9. Disability. If the Employee incurs a disability, as defined in the Plan, during
his or her employment with the Company and Related Corporations and, prior to the Expiration Date,
the Employee’s employment is terminated as a consequence of such disability, this Option may be
exercised, to the extent of the number of shares with respect to which the Employee could have
exercised it on the date of such termination of employment, or to any greater extent permitted by
the Committee in its discretion, by the Employee, or in the event of the Employee’s legal
disability, by the Employee’s legal representative, at any time prior to the earlier of:

(a) The Expiration Date; or

(b) One year after the date of such termination of employment.

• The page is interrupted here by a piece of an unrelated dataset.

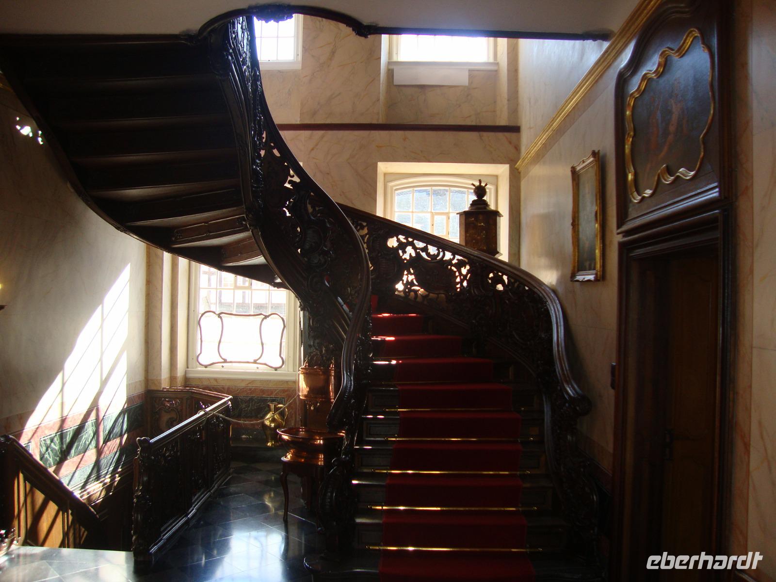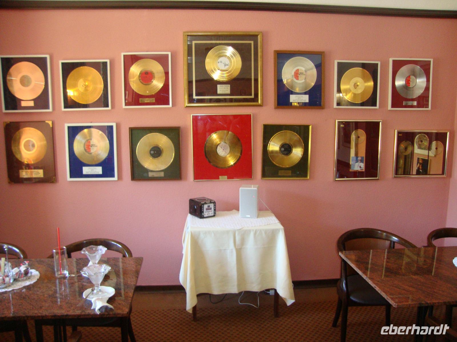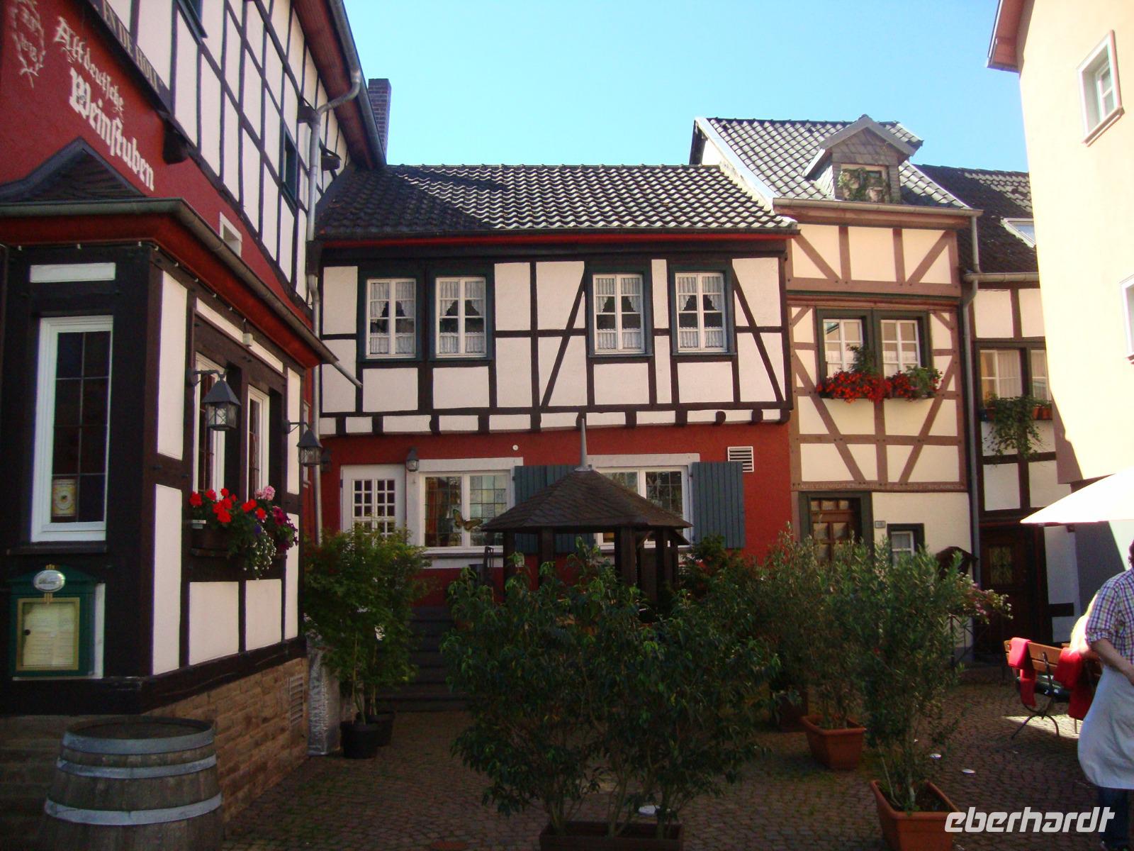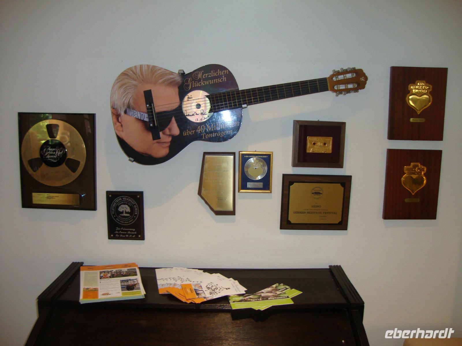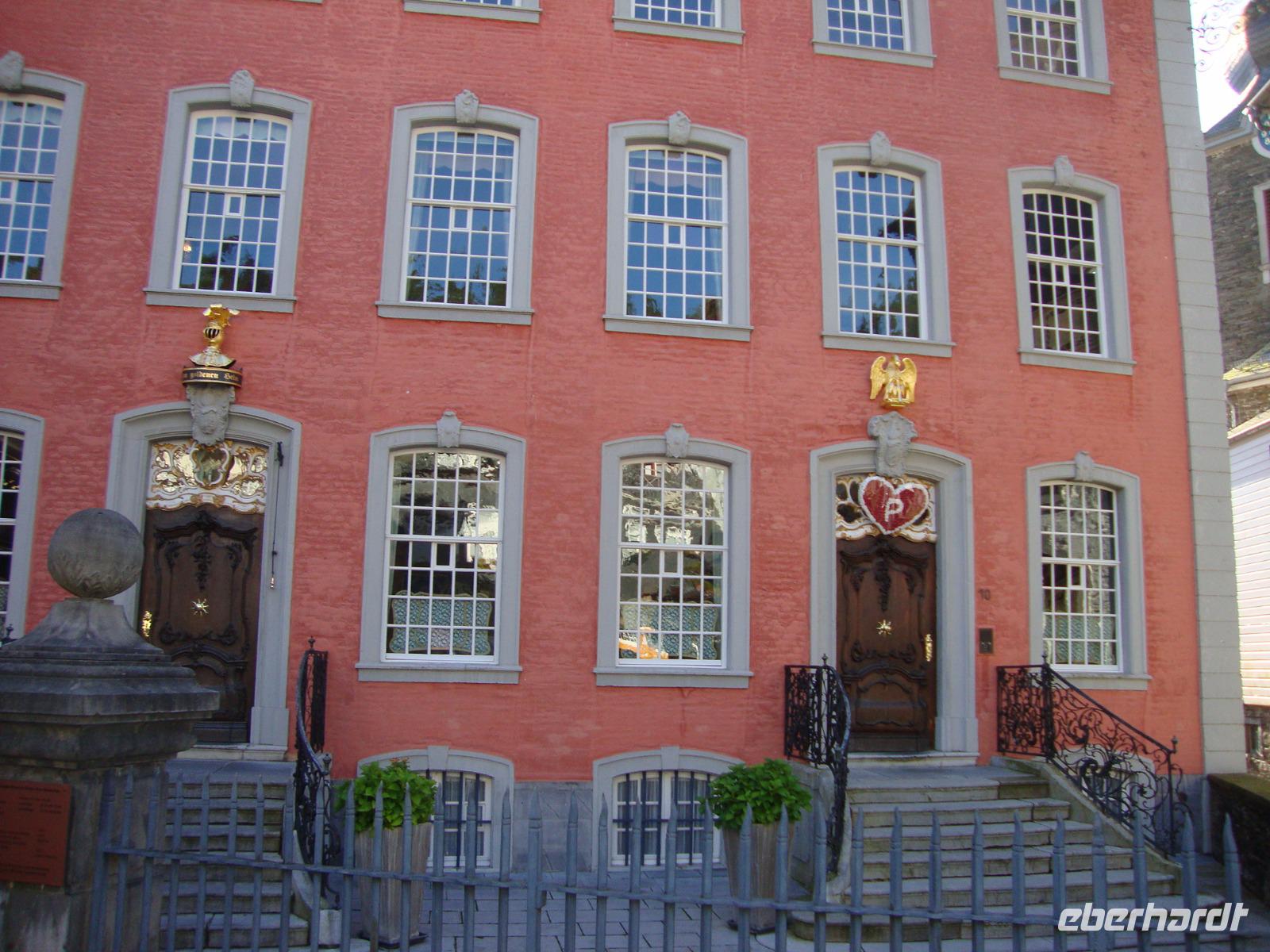Durch Monschau sollte man gemächlich bummeln und die Augen geöffnet halten für überraschende architektonische Details. Denn die Altstadt ist ein harmonisches Ensemble aus stattlichen Fachwerk-und Bürgerhäusern, die sie der Blüte der Textilindustrie (16. bis 18. Jh.) verdanken. das Rote Haus ist ein besonderes Schmuckstück, welches wir bei einer interessanten Führung kennenlernten und dabei nachvollziehen konnten, wie sich das leben in der damaligen Zeit abspielte. Der Tuchmacher Scheibler war sehr vemögend und lies sich das Wohnhaus mit innenliegender, freitragender Wendeltreppe erbauen. Wir konnten auch anschließend das alte Flair der Kleinstadt an der Rur genießen und das schon bei sehr hohen Temperaturen. Am Nachmittag besuchten wir Bad Münstereifel, die Kuranlagen für die Kneipp Kuren liegen oberhalb der Stadt und ganz in der Nähe befindet sich das Kurcafe', mit "Heino's Kaffee". Wir hatten uns zu Kaffee und Kuchen angemeldet, Nusstorte nach Heino's Rezept und konnten anschließend die vielen Auszeichnungen und Ehrungen anschauen. Leider war Heino nicht anwesend, aber eine Autogrammkarte gab es für jeden. der mittelalterliche Stadtkern Bad Münstereifels ist vollständig von einer Mauer mit 18 Wehrtürmen und vier Toren umgeben. Die Erft fließt mitten durch den Ort, der sich um die mächtige Stiftskirche "St.Chrysanthus und Daria" aus dem 11.Jh. herum gruppiert. Sehenswert sind auch das gotische Rathaus mit Spitzbögen (!3.Jh.) sowie das Romanische Haus mit den charakteristischen Fensteröffnungen und Säulen aus dem 12.Jh.; es gilt als ältestes Privathaus des Rheinlands. Bei Temperaturen über 30°C konnten wir aber nur gemächlich unseren Spaziergang mit vielen Schattenplätzen gestalten. Als wir zurück nach Einruhr fuhren hatte unser Chauffeur Ingo die Klimaanlage im Bus auf angenehme 23°C gebracht.

10. Death. If the Employee dies during his or her employment with the Company and
Related Corporations and prior to the Expiration Date, or if the Employee’s employment is
terminated for any reason (as described in Paragraphs 8 or 9 above) and the Employee dies following
his or her termination of employment but prior to the earliest of the Expiration Date or the
expiration of the period determined under Paragraph 8 or 9 above, this Option may be exercised, to
the extent of the number of shares with respect to which the Employee could have exercised it on
the date of his or her death, or to any greater extent permitted by the Committee, by the
Employee’s estate, personal representative or beneficiary who acquired the right to exercise this
Option by bequest or inheritance or by reason of the Employee’s death, at any time prior to the
earlier of:

(a) The Expiration Date; or

(b) One year after the date of the Employee’s death

11. Withholding of Taxes. The obligation of the Company to deliver shares of Common
Stock upon the exercise of the Option shall be subject to applicable federal, state and local tax
withholding requirements. If the exercise of any Option is subject to the withholding requirements
of applicable federal, state or local tax laws, the Committee, in its discretion, may permit the
Employee, subject to the provisions of the Plan and such additional withholding rules (the
“Withholding Rules”) as shall be adopted by the Committee, to satisfy the withholding tax, in whole
or in part, by electing to have the Company withhold (or by returning to the Company) shares of
Common Stock, which shares shall be valued, for this purpose, at their fair market value on the
date of exercise of the Option (or, if later, the date on which the Employee recognizes ordinary
income with respect to such exercise). An election to use shares of Common Stock to satisfy tax
withholding requirements must be made in compliance with and subject to the Withholding Rules. The
Committee may not withhold shares in excess of the number necessary to satisfy the minimum tax
withholding requirements.

12. Construction. Except as would be in conflict with any specific provision herein,
this Option Agreement is made under and subject to the provisions of the Plan as in effect on the
Grant Date and, except as would conflict with the provisions of this Option Agreement, all of the
provisions of the Plan as in effect on the Grant Date are hereby incorporated herein as provisions
of this Option Agreement. Notwithstanding the foregoing, provisions of this Option Agreement that
conflict with the Plan will be given effect only to the extent they do not exceed the Committee’s
discretion under the Plan.

13. Governing Law. This Non-Qualified Stock Option Agreement shall be governed by
applicable federal law and otherwise by the laws of the State of Delaware.